WHAT YOU ARE ASKED TO DO: Reproduce the records below exactly; the images should not appear.

STUDY MATERIAL:
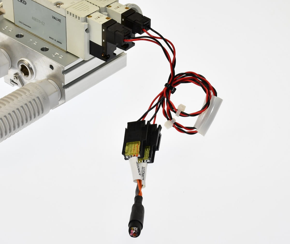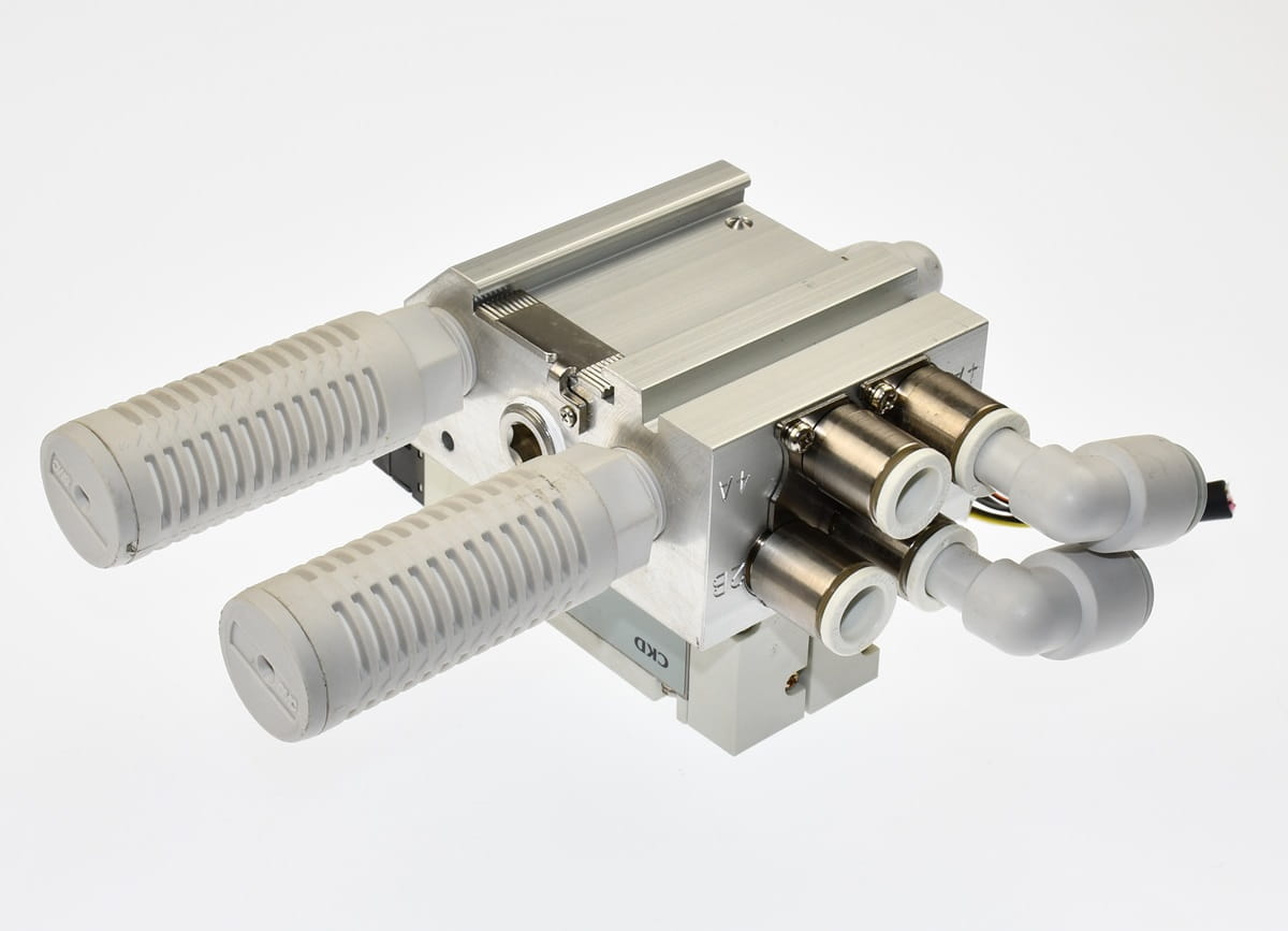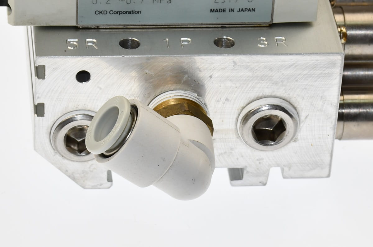 Używana, całkowicie sprawna wyspa zaworowa złożona z sekcji rozdzielających o oznaczeniach: 4GB319-E2 - 2 sztuki. Przeznaczona do sterowania dwoma siłownikami obustronnego działania, W zestawie są wszystkie szybkozłączki, dwa tłumiki spustowe oraz przewody do cewek. Produkt firmy CKD.
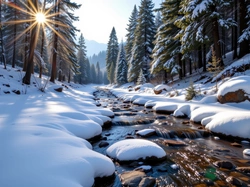 Grafika AI, Las, Drzewa, Zima, Potok, Rzeka, Promienie słońca
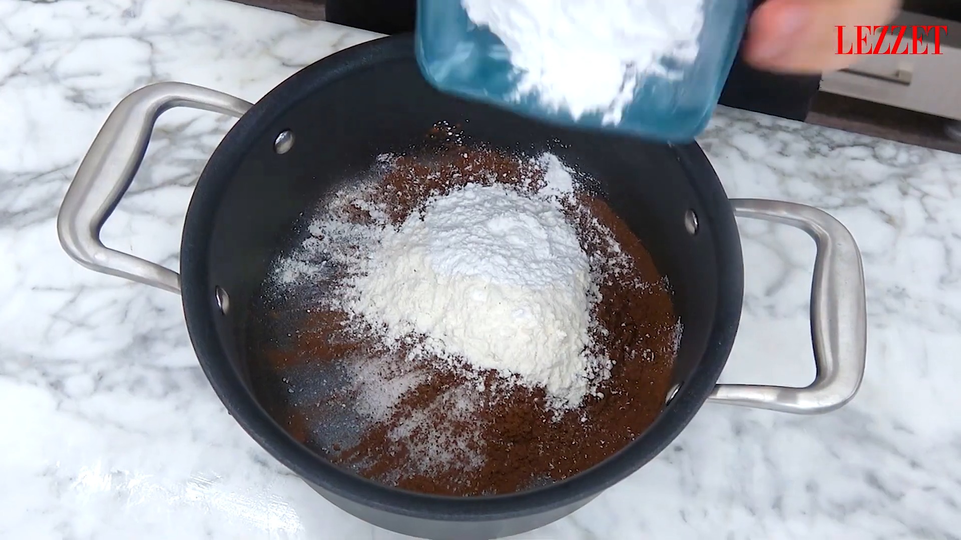 - Öncelikle kakao, un, nişasta ve şekeri bir tencerenin içerisine alın ve karıştırın.
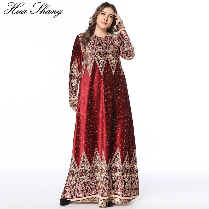 Winter Dress Women Long Sleeve Abaya Muslim Velvet Dress Plus Size
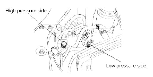 1. Connect a R-134a refrigerant Recovery/Recycling/Charging System to the high-pressure service port and the low-pressure service port as shown, following the equipment manufacturer's instructions.
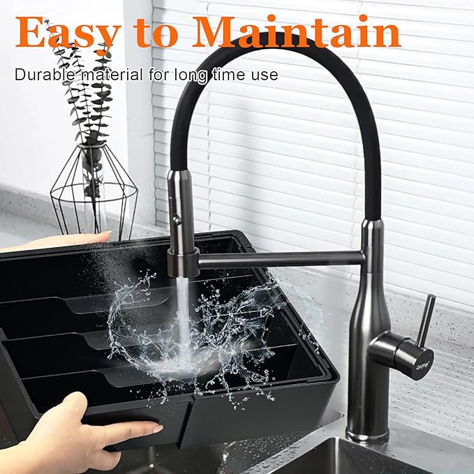 - Durable & Safe Material: Crafted from food-safe ABS plastic material, this silverware drawer organizer tray is BPA-free, shatter-resistant, waterproof, and built to last. Our drawer divider's smooth edges protect utensils from scratches, while the sturdy construction withstands daily use—making it a reliable drawer utensil organizer for years to come
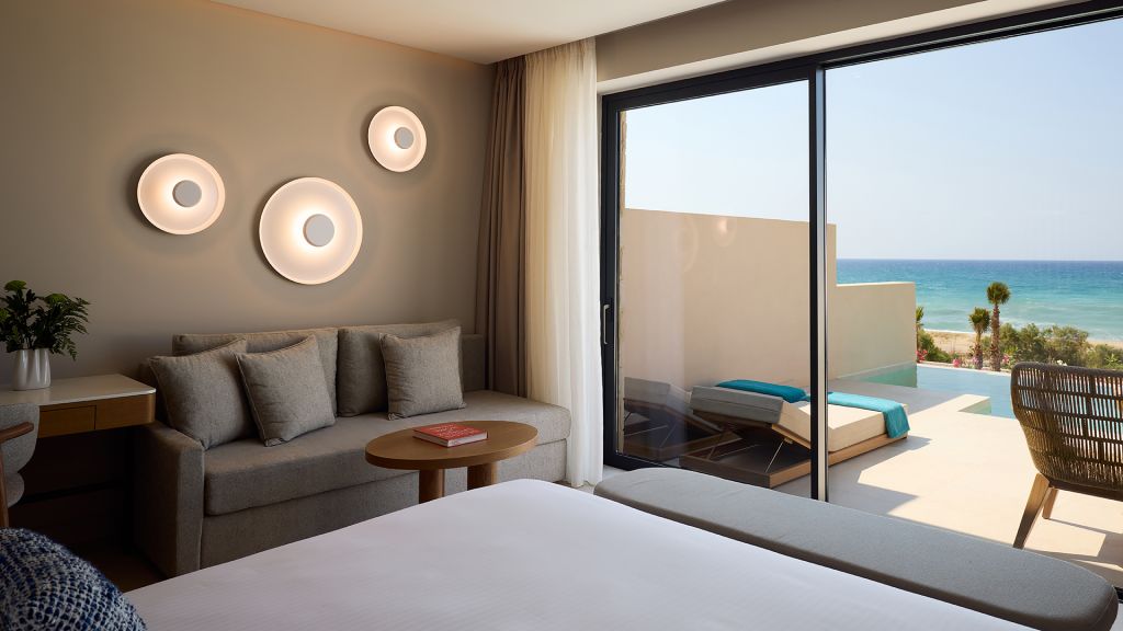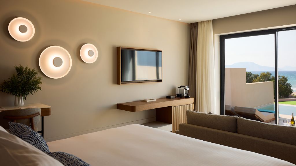 Two interconnecting rooms, 1 king size, 2 single, 1 sofa bed, individual A/C, mini bar, 50" TV, tea kettle, Nespresso, iron and ironing board, bathrobes and sleepers, expanded patio with private pool.

RESULT BELOW:
 Używana, całkowicie sprawna wyspa zaworowa złożona z sekcji rozdzielających o oznaczeniach: 4GB319-E2 - 2 sztuki. Przeznaczona do sterowania dwoma siłownikami obustronnego działania, W zestawie są wszystkie szybkozłączki, dwa tłumiki spustowe oraz przewody do cewek. Produkt firmy CKD.
 Grafika AI, Las, Drzewa, Zima, Potok, Rzeka, Promienie słońca
 - Öncelikle kakao, un, nişasta ve şekeri bir tencerenin içerisine alın ve karıştırın.
 Winter Dress Women Long Sleeve Abaya Muslim Velvet Dress Plus Size
 1. Connect a R-134a refrigerant Recovery/Recycling/Charging System to the high-pressure service port and the low-pressure service port as shown, following the equipment manufacturer's instructions.
 - Durable & Safe Material: Crafted from food-safe ABS plastic material, this silverware drawer organizer tray is BPA-free, shatter-resistant, waterproof, and built to last. Our drawer divider's smooth edges protect utensils from scratches, while the sturdy construction withstands daily use—making it a reliable drawer utensil organizer for years to come
 Two interconnecting rooms, 1 king size, 2 single, 1 sofa bed, individual A/C, mini bar, 50" TV, tea kettle, Nespresso, iron and ironing board, bathrobes and sleepers, expanded patio with private pool.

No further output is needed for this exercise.